Data shown below:

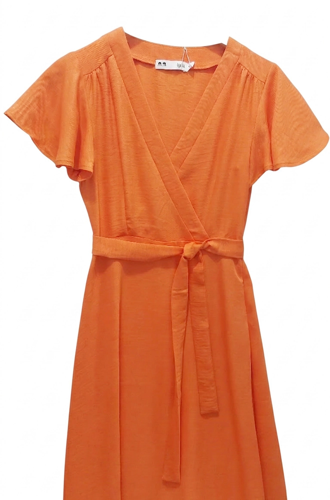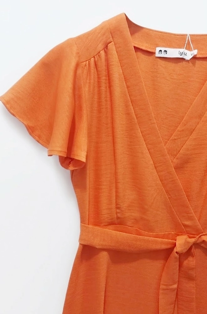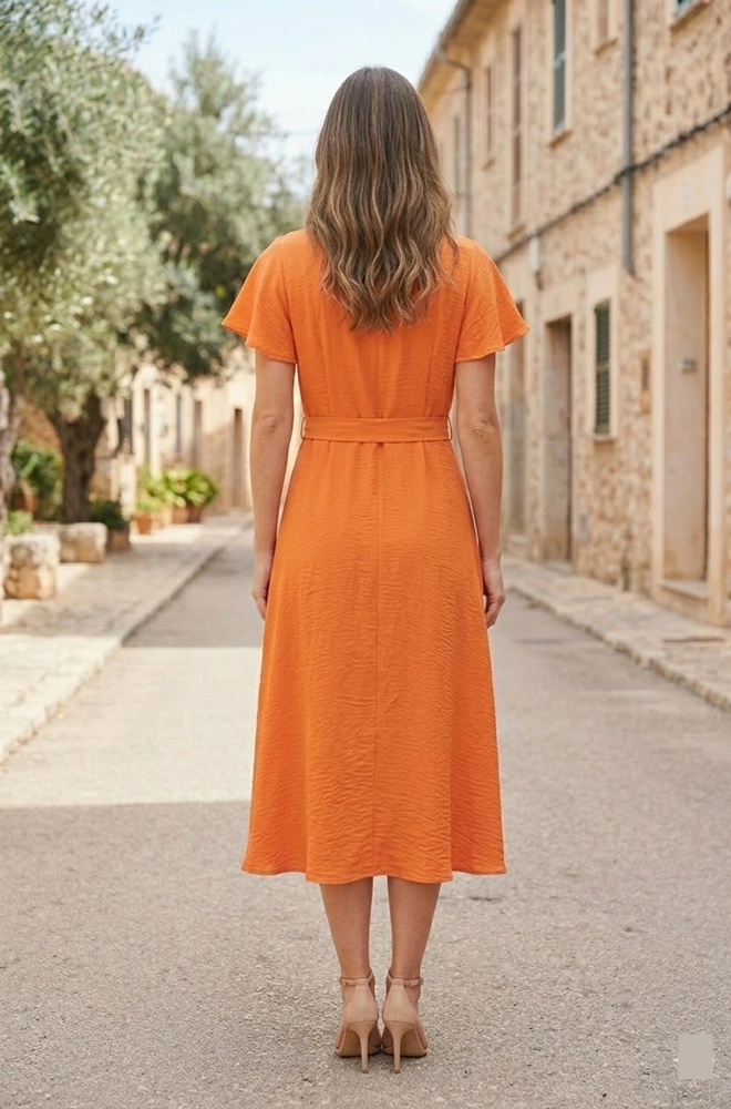 Está confeccionado en tejido ligero 100% poliéster, con una caída fluida que aporta movimiento al caminar. Su color naranja aporta luminosidad y personalidad al look, convirtiéndolo en una opción muy especial para diferentes momentos del día.
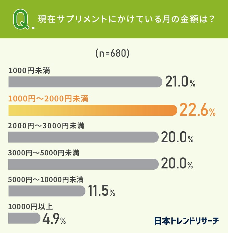 日本トレンドリサーチ(運営会社:株式会社NEXER)は、株式会社ドクターズチョイスと共同で「サプリメントにかけている金額」に関するアンケートを実施し、結果をサイト内にて公開したので紹介します。
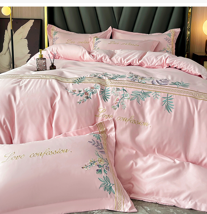 (总)玉相逢 2026新品天丝双拼刺绣四件套-卡骆驰系列,樱花粉,梦幻紫,天空蓝
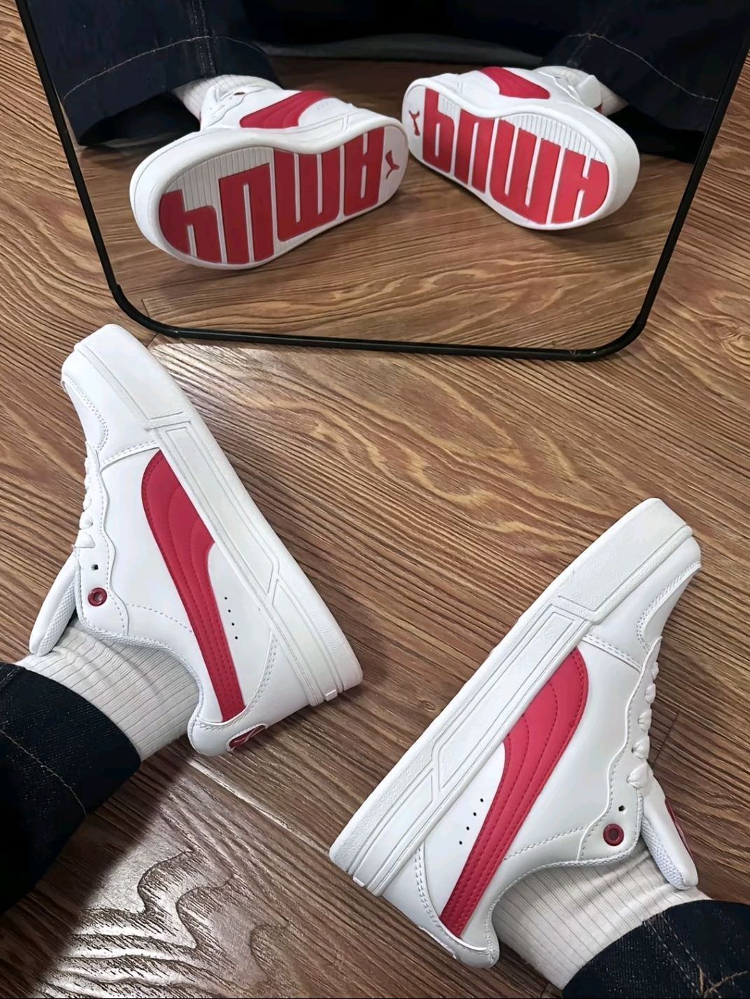 新学期要活力登场?这双彪马板鞋,就是你的校园穿搭“神队友”! 颜值在线:经典白鞋+撞色线条,简约又亮眼,不管是配校服裤走青春风,还是搭牛仔裤耍酷,都能让你在同学堆里脱颖而出,开学第一天就收割目光~ 舒适护航:软弹鞋底像踩棉花,跑操场、赶课路、站社团招新,一整天下来脚也不喊累,为忙碌的校园生活疯狂“续航”。 细节加分:鞋型利落显脚瘦,暗藏品牌巧思,连鞋底都有潮趣设计,不经意露出超吸睛,轻...
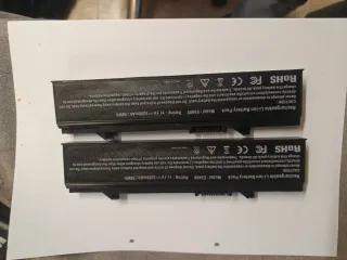 Dos baterías recargables de Li-ion para portátil. 10€ la unidad - Modelo: E5400 - Voltaje: 11.1V - Capacidad: 5200mAh / 58Wh - Incluye advertencias de seguridad y manejo.
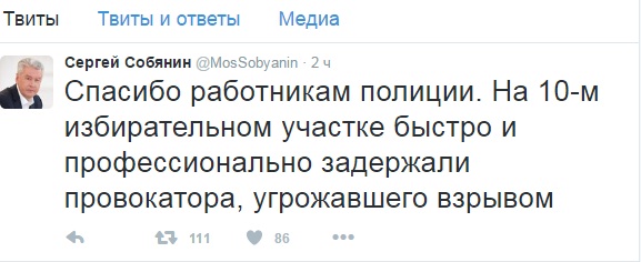 О задержании преступника стало известно из сообщения мэра Москва Сергея Собянина в Twittere. Градоначальник российской столицы поблагодарил полицию за профессиональные и быстрые действия.
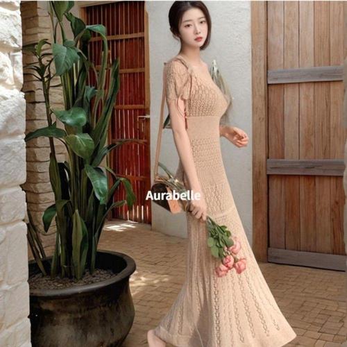 [오너클랜]인기상품 글램 시스루 반팔 롱 니트 원피스 베이지 여름 데일리룩 [WFLKQW8_260303]
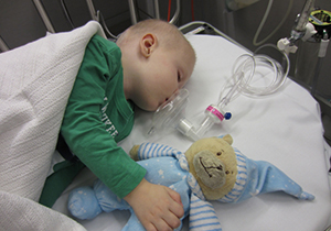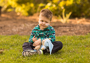 Sadly, Ethan has been left with palsy on the left side of his face. He is just now starting to learn to eat and drink again due to ongoing problems with swallowing (having received all of his nutrition through nasogastric or nasojejunal tubes). He has had to learn to sit, crawl and walk all over again. Ethan’s challenges are made all the more difficult because he is non-verbal, and he was recently diagnosed with autism. Nonetheless, the magnitude of the challenges that Ethan faces on a daily basis is only matched by the courage and spirit with which he faces them.
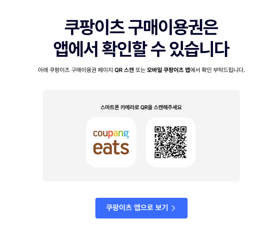 저 QR코드를 스캔하면 바로 쿠팡이츠로 쿠폰이 다운됩니다.
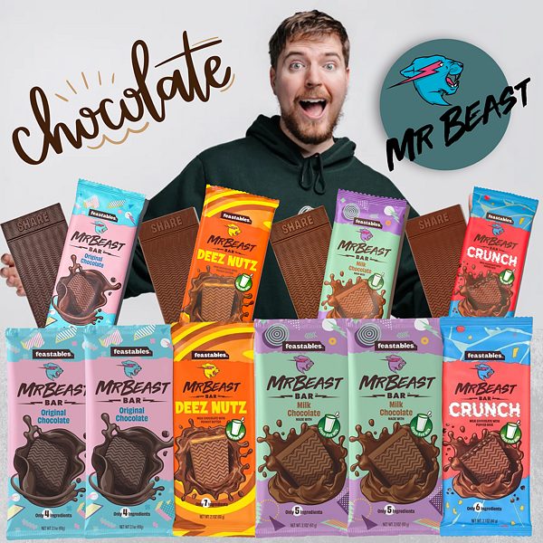 Čokolády jsou vyrobeny z kvalitních ingrediencí, což zajišťuje vynikající chuť a texturu. Podpora charitativních iniciativ: MrBeast je známý svou filantropickou činností a část výtěžku z prodeje Feastables může být věnována na podporu charitativních projektů nebo dobročinných organizací - můžete mít z čokolády dobrý pocit! A to se jen tak neděje ne?
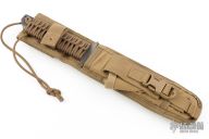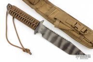 The BN-SS by Strider features a tiger stripe tanto blade with a serrated top edge .248" blade stock and 1.490" blade depth, full tang construction. The handle has a green paracord wrapped handle. Comes with a tan nylon sheath. New condition.

End of Data shown.

» Instructions to follow: Give back exactly the lines above that run from the one with "Dos baterías recargables" to the one with "[오너클랜]인기상품 글램 시스루", including both, with the pictures left out.

» Output for this task:
 Dos baterías recargables de Li-ion para portátil. 10€ la unidad - Modelo: E5400 - Voltaje: 11.1V - Capacidad: 5200mAh / 58Wh - Incluye advertencias de seguridad y manejo.
 О задержании преступника стало известно из сообщения мэра Москва Сергея Собянина в Twittere. Градоначальник российской столицы поблагодарил полицию за профессиональные и быстрые действия.
 [오너클랜]인기상품 글램 시스루 반팔 롱 니트 원피스 베이지 여름 데일리룩 [WFLKQW8_260303]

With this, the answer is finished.